According to Stop Demovictions activist, Metrotown resident, and Nuu-chah-nulth/Irish mother, Mercedes Morris, the only answer is to unite and fight back in the streets and by breaking the laws that hurt vulnerable tenants. “The level of stress and the destruction of our neighbourhood is unacceptable,” she said. Mercedes said the denial of compensation to the “moms and kids” that she met in the Belford buildings adds “insult to injury” of demoviction.
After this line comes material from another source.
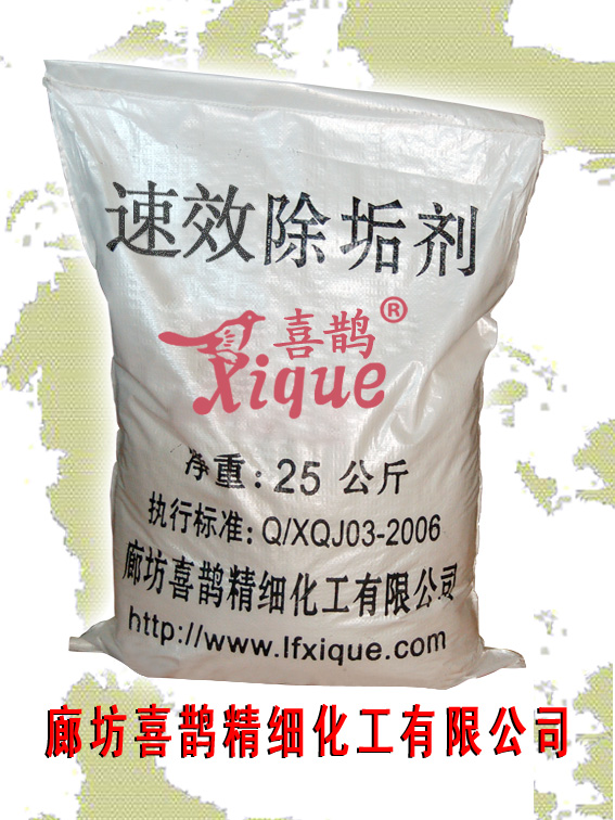 本品外觀為微黃或白色粉沫兩種藥劑,其除垢性能遠遠高于有機酸,它可以清除碳鹽、硫酸鹽、氧化鐵、硅酸鹽等多種污垢,本劑由XQ-901和XQ-826(獲國家科技進步二等獎、化工部科技進步一等獎,國家科委三等發明獎)及滲透劑,促進劑等多種成分復配而成,其中XQ-901和XQ-826兩種高效緩蝕劑,可適用于鍋爐鋼,不銹鋼、黃銅、紫銅等多種金屬及合金材質,緩蝕率達99.7%,比鹽酸類除垢劑要高幾十倍到幾百倍。

On behalf of the Stop Demovictions campaign, Mercedes issued a one-week deadline to the City of Burnaby to guarantee full compensation to all evicted tenants and said that the next step of the group would be action, not talk.
When the Stop Demovictions campaign takes action to support temporary tenants, the action is against Mayor Corrigan’s framing of a sub-group of tenants as “temporary.” Like with “temp” workers, the category of temporary (or “replacement”) doesn’t adjust the obligations or power relationship for the tenant. Temp workers still sell their labour power to bosses in exchange for a small amount of money and temp tenants still hand over large portions of their wages to landlords in exchange for a place to live. No worker ever gains ownership over the products of their labour and no tenant ever gains ownership of their apartment.
What the category of “temp” does change is that it lowers the level of obligation the boss or landlord has to sustain the worker or tenant, and the amount of legal rights and protections the state extends to the worker or tenant against abuses by their boss or landlord. Clawing back rights and protections for some groups of workers or tenants is a way that governments provide a regulatory subsidy to corporations.
By his rezoning policies, Mayor Derek Corrigan is author of the demovictions crisis in Burnaby. Demovictions are eroding Burnaby’s stock of low-end of market apartments, bottoming out the vacancy rate, and growing the group of temporary tenants, which should be considered a layer of homelessness. By the loopholes in his tenant assistance policy, he is also now producing a “temp tenant” sub-strata by declaring that the City won’t protect an arbitrary group. A mostly racialized and migrant group that tends to work temporary jobs, those most vulnerable to homelessness and hidden homelessness are Corrigan’s temporary tenants.